1953 год. Умер Сталин. Был митинг. Я плакал и хотел съездить в Москву, но денег на билет не было. Мы тогда были очень идейными. Верили в скорую победу коммунизма во всем мире. Постоянно маршировали по улицам с песнями:
И как один умрем
В борьбе за это.
Летом я работал в совхозе имени Крупской. Убирали сено или солому конными граблями. Мои лошади с испугу меня понесли по дороге, я упал на железные прутья конных грабель. Меня волочило и било по каменной дороге. Очнулся в районной больнице с сотрясением мозга, лечился».
Опять о травмах головы. Возможно, сработает. Между двумя травмами — смерть вождя. Переживания и обстоятельства изложены правдиво. Мы сами, тогда подростки чуть моложе Андрея, ужасно переживали кончину вождя и учителя, и нам доводилось не раз и не два бывать на полевых работах, что приводило порой к травмам. Несколько настораживает упоминание в автобиографии повреждений только одного рода — травм головы. Однако каждый имеет право на защиту и пользуется им, как умеет.

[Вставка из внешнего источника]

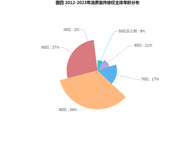 北京三中院立案庭副庭长 邓青菁:2013年至2023年,北京三中院受理并审结的消费纠纷案件中,“80 后”消费者比重最高,为34%;“90后”消费者比重位居第二,为 27%,“80后”以及“90后”消费者维权的案件数量已超过全部这类型的案件的六成,成为消费维权的主流群体。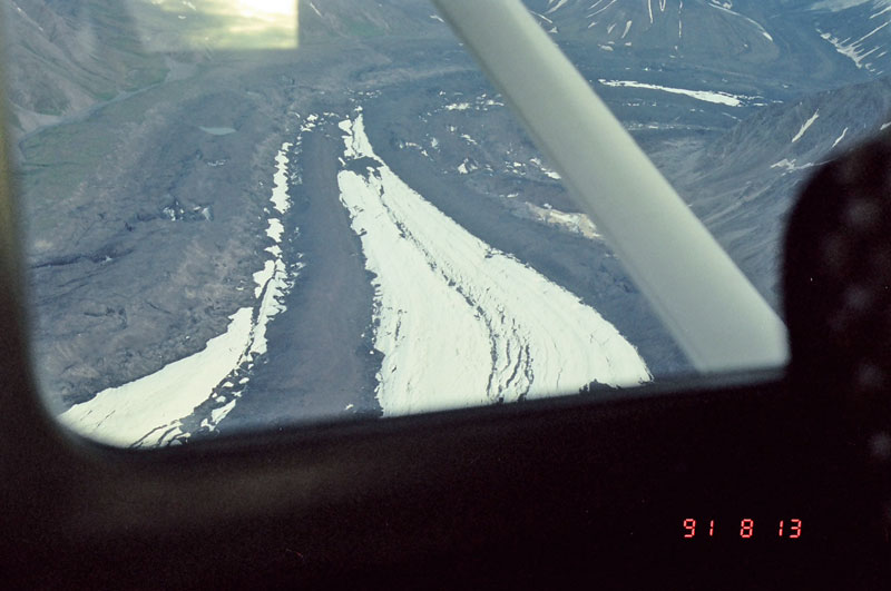 デナリ山の麓から流れる氷河をアップで撮影できました。流れと言っても目に見えて動いているわけではありません。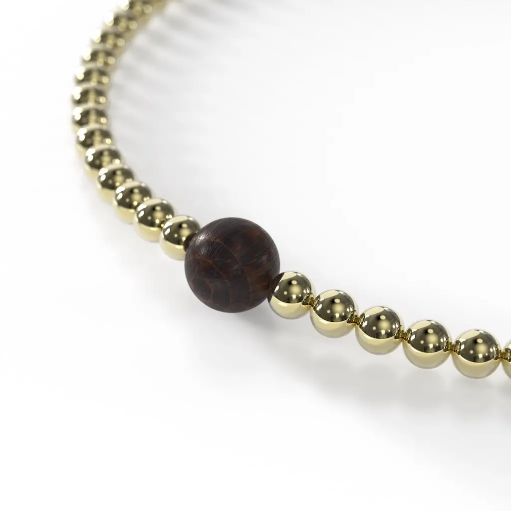 Elevate your style with the Gold / Ebony Bracelet, a stunning piece designed for the everyday woman. Made with beautiful 18K gold plated stainless steel beads and perfectly matching natural ebony wood, this bracelet is a celebration of simplicity and natural design. With its engraved TruWood dangle tag, it’s the perfect companion to your favorite watch, completing your look with elegance and charm.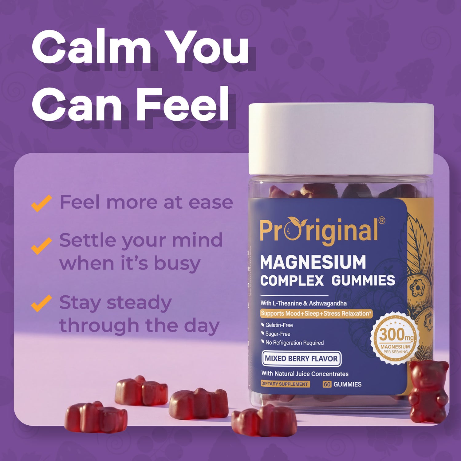 A thoughtfully crafted magnesium gummy made with four chelated forms of magnesium, plus Ashwagandha, L-Theanine, and Lemon Balm to support relaxation, a calm mind, and a healthy sleep cycle — helping you ease into your evening routine naturally.*

«1954 год. Закончил десять классов. Хоть ходил я в старом, заштопанном, в латках костюме, но мне нравилась в 10 классе девушка, Лиля Барышева. Она жила в железнодорожной будке на станции — мы были у нее однажды с одноклассниками. Мне нравилось, как она играла роль партизанки в самодеятельном спектакле. Нравились ее скромность, женственность. Нас учили в школе возвышенной любви. Мне нравились веснушки на лице Лили. Какие у нее глаза, я не знаю, своими близорукими глазами я не мог в них заглянуть.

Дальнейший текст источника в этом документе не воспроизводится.